- Unit insignia
- Active: 1 October 1934 – July 1944 September 1944 – 18 April 1945
- Country: Nazi Germany
- Branch: German Army
- Type: Infantry
- Size: Division
- Garrison/HQ: Wehrkreis II: Schwerin
- Engagements: World War II

= 12th Infantry Division (Wehrmacht) =

The 12th Infantry Division (German: "12. Infanteriedivision") – later known as the 12th Volksgrenadier Division – was a Wehrmacht military unit of Nazi Germany that fought during World War II. The division was formed in 1934. It participated in the invasion of Poland in 1939 and the 1940 campaign in France and the Low Countries. In the Soviet Union, the division joined Operation Barbarossa. The division was destroyed in the Soviet Operation Bagration in the summer of 1944. The division was re-activated in September 1944 and posted to the newly created Western Front.

==History and organisation==

===Formation===
The division was formed in 1934 from Pomerania's Mecklenburger population, with its home station being in Schwerin. In order to hide Germany's remilitarisation – a breaking of the terms of the Treaty of Versailles – the unit was codenamed Infanterieführer II to disguise its size.
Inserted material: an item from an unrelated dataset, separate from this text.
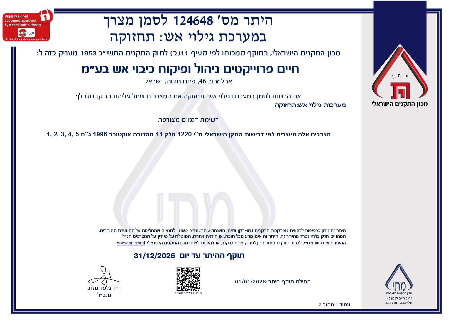 חיים פרויקטים ניהול ופיקוח כיבוי אש בע"מ מתמחה במתן שירותי כיבוי ומיגון אש עם ניסיון רב שנים בתחום, תוך הקפדה על הסטנדרטים הגבוהים ביותר של בטיחות ואיכות.
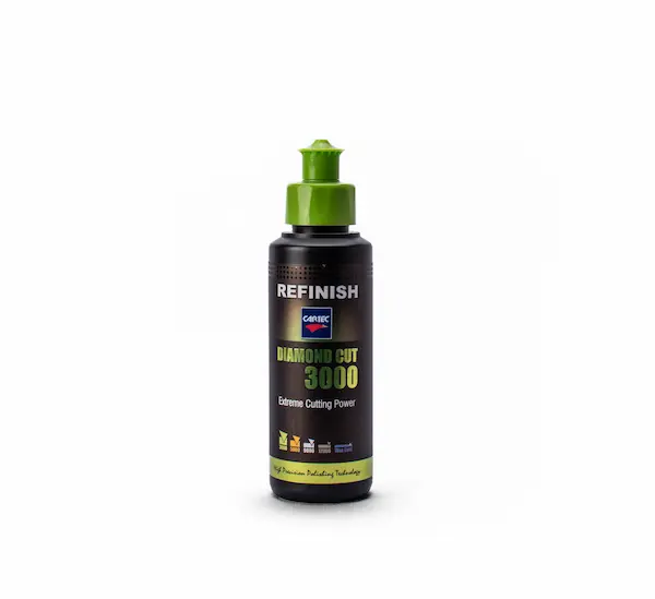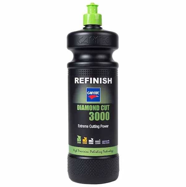 Cartec Diamond Cut 3000 е супер бърза и силно абразивна полираща паста. Подходяща е за керамични, устойчиви на надрасквания(SR) лакове. Пастата лесно премахва всички следи от шкурки( P1500/P2000), дълбоки драскотини, портокалова кора, стичания, overspray.

It did not assume its bona-fide designation until the creation of the Wehrmacht was announced in October 1935, where it was redesignated as the 12th Infantry Division. Alongside the name change, Lieutenant General Wilhelm Ulex was placed in charge of the division, before being replaced by Major General Albrecht Schubert the following October. Schubert was promoted to Lieutenant General in March 1938. In November, the command over the 89th Infantry Regiment's 1st Battalion was given to Helmuth Beukemann. In July 1939, the division was moved to Königsberg, East Prussia as Germany prepared for the upcoming invasion of Poland, ordered into the 1st Army's I Army Corps.

===Actions 1939–41===
The 12th Infantry took part in the invasion of Poland.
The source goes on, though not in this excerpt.